Forum for Science, Industry and Business

Sponsored by:     3M 
Search our Site:

 

New Design Could Dramatically Boost Efficiency of Low-Cost Solar Panels

13.07.2015

X-ray Studies at SLAC’s Synchrotron Pave the Way for Better Methods to Convert Sunlight to Electricity

A new material design tested in experiments at the Department of Energy's SLAC National Accelerator Laboratory could make low-cost solar panels far more efficient by greatly enhancing their ability to collect the sun’s energy and release it as electricity.


UCLA

Scientists devised a new arrangement of solar cell ingredients, with bundles of polymer charge donors (green rods) and neatly organized spherical carbon molecules, also known as fullerenes or buckyballs, serving as charge acceptors (purple, tan). The researchers studied the new design at SLAC's Stanford Synchrotron Radiation Lightsource.

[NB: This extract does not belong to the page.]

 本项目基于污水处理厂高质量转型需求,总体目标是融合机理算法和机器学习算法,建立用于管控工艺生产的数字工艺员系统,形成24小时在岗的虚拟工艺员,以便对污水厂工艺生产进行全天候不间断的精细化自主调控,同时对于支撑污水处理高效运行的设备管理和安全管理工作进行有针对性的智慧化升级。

A team of University of California, Los Angeles, scientists found that by assembling the components of the panels to more closely resemble the natural systems plants use to tap the sun's energy, it may be possible to separate positive and negative charges in a stable way for up to several weeks compared to just millionths of a second – the current standard for many modern solar panels.

“In photosynthesis, plants that are exposed to sunlight use carefully organized nanoscale structures within their cells to rapidly separate charges – pulling electrons away from the positively charged molecule that is left behind, and keeping positive and negative charges separated,” said Sarah Tolbert, a UCLA professor of chemistry and one of the senior authors of the research. “That separation is the key to making the process so efficient.”

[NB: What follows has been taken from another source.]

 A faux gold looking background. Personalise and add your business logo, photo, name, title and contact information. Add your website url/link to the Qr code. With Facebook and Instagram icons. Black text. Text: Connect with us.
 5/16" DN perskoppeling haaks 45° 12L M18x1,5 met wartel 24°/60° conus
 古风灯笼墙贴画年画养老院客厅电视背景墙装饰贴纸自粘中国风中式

The team's X-ray studies at SLAC's Stanford Synchrotron Radiation Lightsource (SSRL), a DOE Office of Science User Facility, enabled them to see, at a microscopic level, which material design has the most ideal structure at the nanoscale for promoting this charge separation. The results are published in the June 19 edition of Science.

Plastic Panels Provide Low-cost Alternative to Silicon

To capture energy from sunlight, conventional rooftop solar cells use silicon, which can be expensive. Solar cells can also be made using lower-cost materials like plastics, but plastic cells are far less efficient -- in large part because the separated positive and negative charges in the material often recombine before they can become electrical energy.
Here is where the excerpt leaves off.